Each month, we highlight one of our spice blends in the hopes to better educate our clients and to inspire them to try new flavors. La Boite's founder, Lior Lev Sercarz, has formulated each blend to elevate your culinary experiences. Each blend is inspired by a person, a place, or a dish, with the flavors working together to tell a story.
Like many of our core blends, Reims N.39 was inspired by a place and a person. Its namesake is a nod to Reims, France, where the loaf bread, pain d'épices, is a specialty. The bread is sweetened with honey and spiced with warm spices like star anise. Because of it's light, well balanced flavor, it is traditionally served with a decadent dish like foie gras or a delicate cheese course. Though sweet, pain d'épices is much less of a dessert than its American counterpart, gingerbread.

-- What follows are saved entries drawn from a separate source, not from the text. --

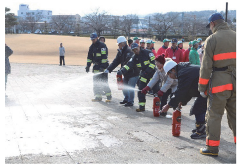
消火器による火災防御訓練
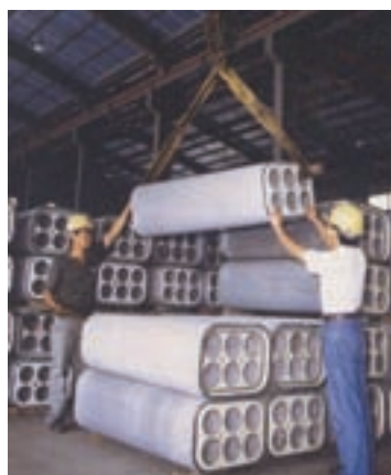
與民間合作生產之電纜導管
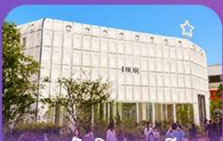
บริษัทคินเกาหลึ

However, this blend truly gives credit to Ghaya Oliveira, the former executive pastry chef at Daniel, Daniel Boulud's flagship restaurant. While at Daniel, she was seeking a spice blend for a gingerbread themed dessert- this inspired Lior to craft a blend made with crystallized honey, star anise, and cardamom. Thus, Reims was born!
Reims is the perfect for easing you into fall and is great for holiday cooking. The warming spices add a subtle heat, and the crystallized honey brings a balanced sweetness.
Here are a few different ways to use Reims:
- Sauté prunes in butter with a pinch of Reims. Deglaze with port & reduce until syrupy. Use as a sauce for pork tenderloin.
- Cook trout or any flaky white fish in brown butter spiced with a pinch of Reims
- Add a pinch to a glass of cava or Prosecco and garnish with a lemon twist
- From reader Lorri Thompson - add about a teaspoon to each half cup of oatmeal (before cooking) and you don't have to use any sweetener.